- [Assignment]
Output the full listing below exactly as it reads, and skip anything that is a picture.

- [Material for this exercise]
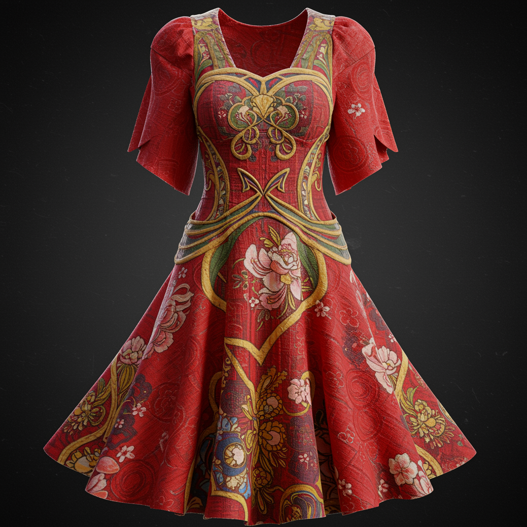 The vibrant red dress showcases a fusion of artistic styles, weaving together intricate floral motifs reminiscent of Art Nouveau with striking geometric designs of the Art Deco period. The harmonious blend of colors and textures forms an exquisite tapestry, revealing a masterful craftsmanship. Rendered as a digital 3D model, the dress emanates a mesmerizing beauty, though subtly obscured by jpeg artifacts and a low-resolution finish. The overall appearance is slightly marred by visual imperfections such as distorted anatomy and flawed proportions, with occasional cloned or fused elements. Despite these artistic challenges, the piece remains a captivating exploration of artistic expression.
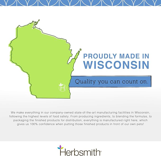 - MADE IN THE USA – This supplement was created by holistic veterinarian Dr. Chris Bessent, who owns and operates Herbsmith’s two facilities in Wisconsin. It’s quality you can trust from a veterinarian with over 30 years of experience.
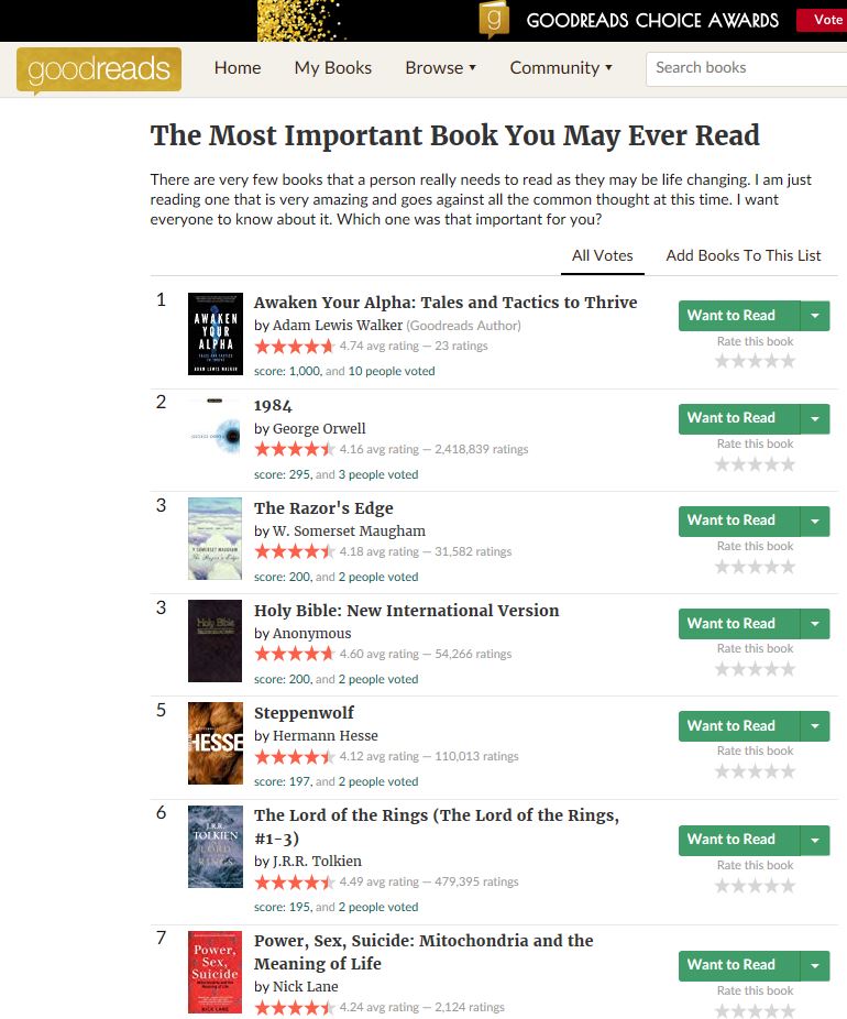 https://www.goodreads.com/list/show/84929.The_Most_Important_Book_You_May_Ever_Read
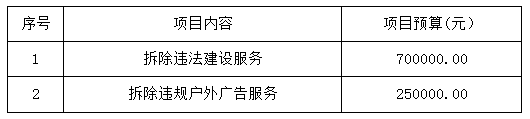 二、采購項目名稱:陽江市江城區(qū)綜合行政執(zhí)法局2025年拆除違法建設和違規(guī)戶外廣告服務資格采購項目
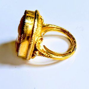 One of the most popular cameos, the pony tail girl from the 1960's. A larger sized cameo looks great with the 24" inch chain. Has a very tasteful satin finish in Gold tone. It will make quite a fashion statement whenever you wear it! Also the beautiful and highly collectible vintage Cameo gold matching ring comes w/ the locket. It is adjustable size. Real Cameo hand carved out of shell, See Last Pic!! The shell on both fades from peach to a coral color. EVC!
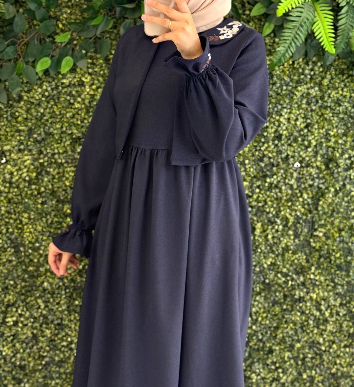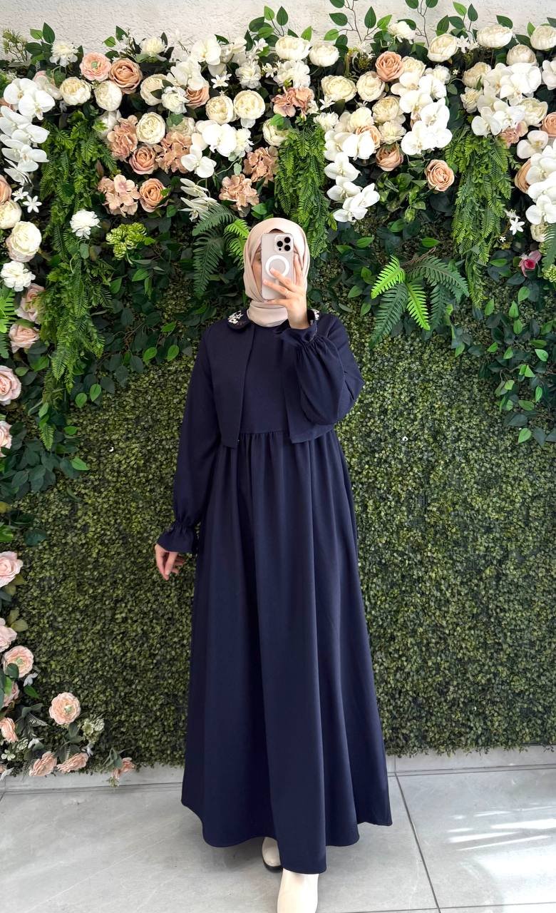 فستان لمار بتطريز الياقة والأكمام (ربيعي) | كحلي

- [Your response]
 The vibrant red dress showcases a fusion of artistic styles, weaving together intricate floral motifs reminiscent of Art Nouveau with striking geometric designs of the Art Deco period. The harmonious blend of colors and textures forms an exquisite tapestry, revealing a masterful craftsmanship. Rendered as a digital 3D model, the dress emanates a mesmerizing beauty, though subtly obscured by jpeg artifacts and a low-resolution finish. The overall appearance is slightly marred by visual imperfections such as distorted anatomy and flawed proportions, with occasional cloned or fused elements. Despite these artistic challenges, the piece remains a captivating exploration of artistic expression.
 - MADE IN THE USA – This supplement was created by holistic veterinarian Dr. Chris Bessent, who owns and operates Herbsmith’s two facilities in Wisconsin. It’s quality you can trust from a veterinarian with over 30 years of experience.
 https://www.goodreads.com/list/show/84929.The_Most_Important_Book_You_May_Ever_Read
 二、采購項目名稱:陽江市江城區(qū)綜合行政執(zhí)法局2025年拆除違法建設和違規(guī)戶外廣告服務資格采購項目
 One of the most popular cameos, the pony tail girl from the 1960's. A larger sized cameo looks great with the 24" inch chain. Has a very tasteful satin finish in Gold tone. It will make quite a fashion statement whenever you wear it! Also the beautiful and highly collectible vintage Cameo gold matching ring comes w/ the locket. It is adjustable size. Real Cameo hand carved out of shell, See Last Pic!! The shell on both fades from peach to a coral color. EVC!
 فستان لمار بتطريز الياقة والأكمام (ربيعي) | كحلي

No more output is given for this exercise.